La popularité de l'AKP tient à sa réussite économique, mais aussi précisément à sa politique conservatrice. En effet, les islamistes ont décomplexé une grande partie de leur base électorale, notamment la nouvelle bourgeoisie marchande imprégnée de valeurs musulmanes.
Si, par son charisme, Atatürk avait su imposer un principe de laïcité au cœur de la vie de la cité, la Turquie reste un pays profondément musulman. Mais là où certains voient la nécessité de régler le curseur vers le religieux pour être en phase avec la société, d'autres dénoncent la mise en application d'un agenda caché d'islamisation à outrance.
Quelles peuvent être les conséquences de ce "printemps de Taksim"?

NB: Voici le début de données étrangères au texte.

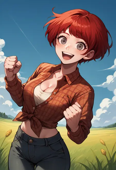 デフォルトの外見: defMahi、赤髪、短髪、灰色の目、そばかす、チェック柄のネクタイ、白シャツ、襟付きシャツ、短袖、緑色のエプロンドレス、プリーツスカート、黒い靴下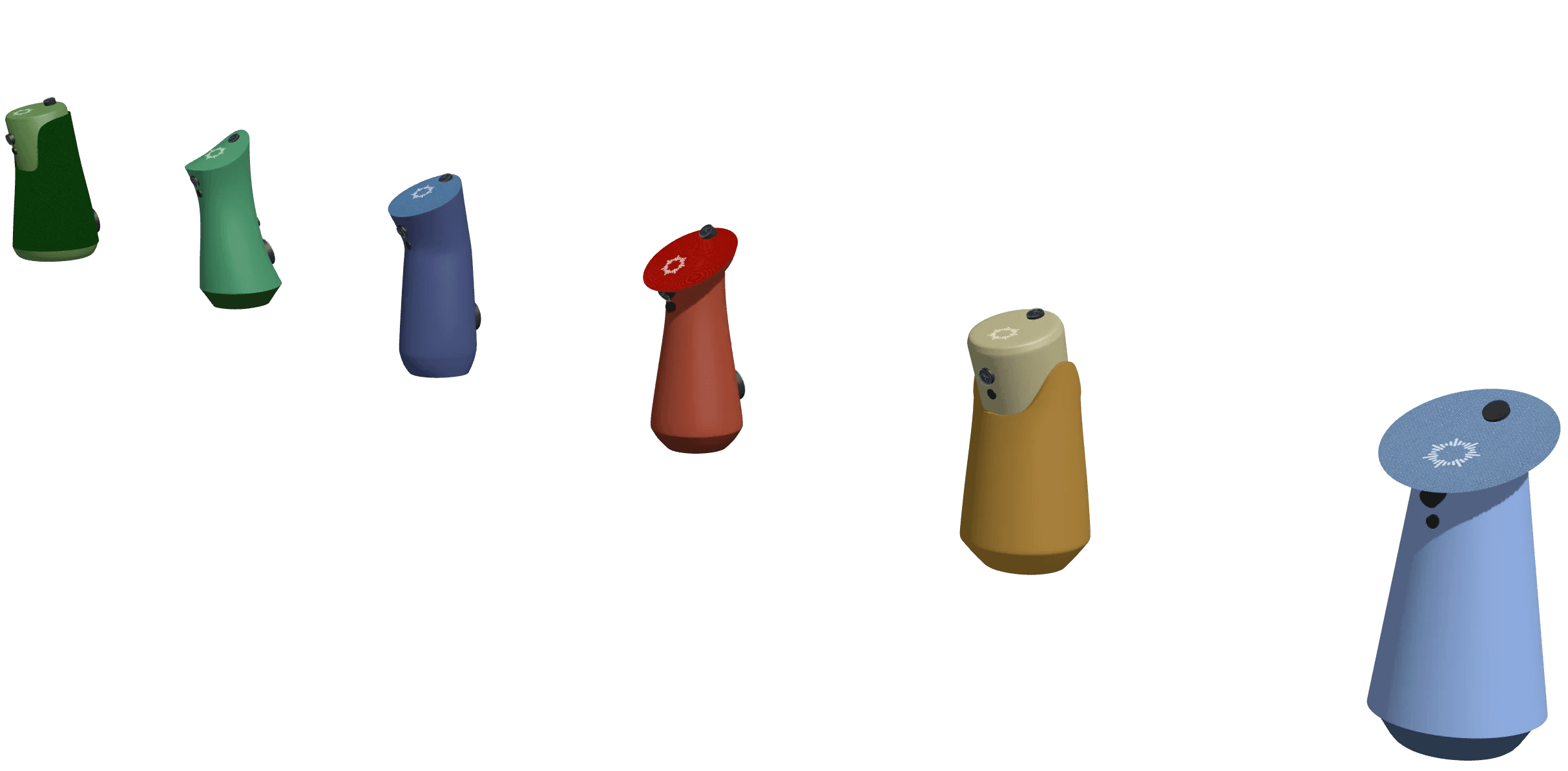 Spark is designed to be friendly and approachable but without appearing like a toy. Its shape and size invite interaction, whether children are carrying it in their arms or tapping its head to wake it up.

Pour Istanbul, ces manifestations tombent vraiment mal. La ville se serait bien passée de cette publicité à trois mois de la désignation de l'hôte des Jeux Olympiques de 2020, dans laquelle elle part favorite.
S'il est trop tôt pour juger des conséquences politiques, on peut dire qu'il y a là un vrai test d'aptitude pour Erdoğan. Si ce dernier s'entête à jouer les autistes, il renforcera l'image d'une dérive à la Vladimir Poutine.

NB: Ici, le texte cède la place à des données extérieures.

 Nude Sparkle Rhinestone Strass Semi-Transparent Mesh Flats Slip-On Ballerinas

Dans un peu plus d'un an se tiendront en effet les premières élections présidentielles au suffrage universel de l'histoire du pays. Or Erdoğan, arrivé au terme de ses mandats parlementaires, tient justement à se présenter et faire amender la constitution pour doter la République turque d'un régime présidentiel.
Il pourrait ainsi se retrouver à présider triomphalement les célébrations des 100 ans de la République, en 2023. Tout un symbole pour celui qui semble se poser en Atatürk néo-ottoman.
Mais la gestion de cette crise pourrait peser sur l'avenir politique d'Erdoğan. Il n'est pas anodin que le président Abdullah Gül se montre conciliant envers les manifestants alors que lui multiplie les provocations. Modéré, l'ancien bras droit du Premier ministre, devenu son rival le plus sérieux, pourrait incarner un recours éventuel.
Plus généralement, ces contestations, qui pour le moment ne touchent que des villes ou des catégories sociales que l'on savait déjà hostiles au gouvernement, sont un avertissement pour l'AKP. Le parti islamiste va devoir se faire à une opposition ayant les moyens de se faire entendre. Et c'est sans aucun doute une bonne nouvelle pour la démocratie turque.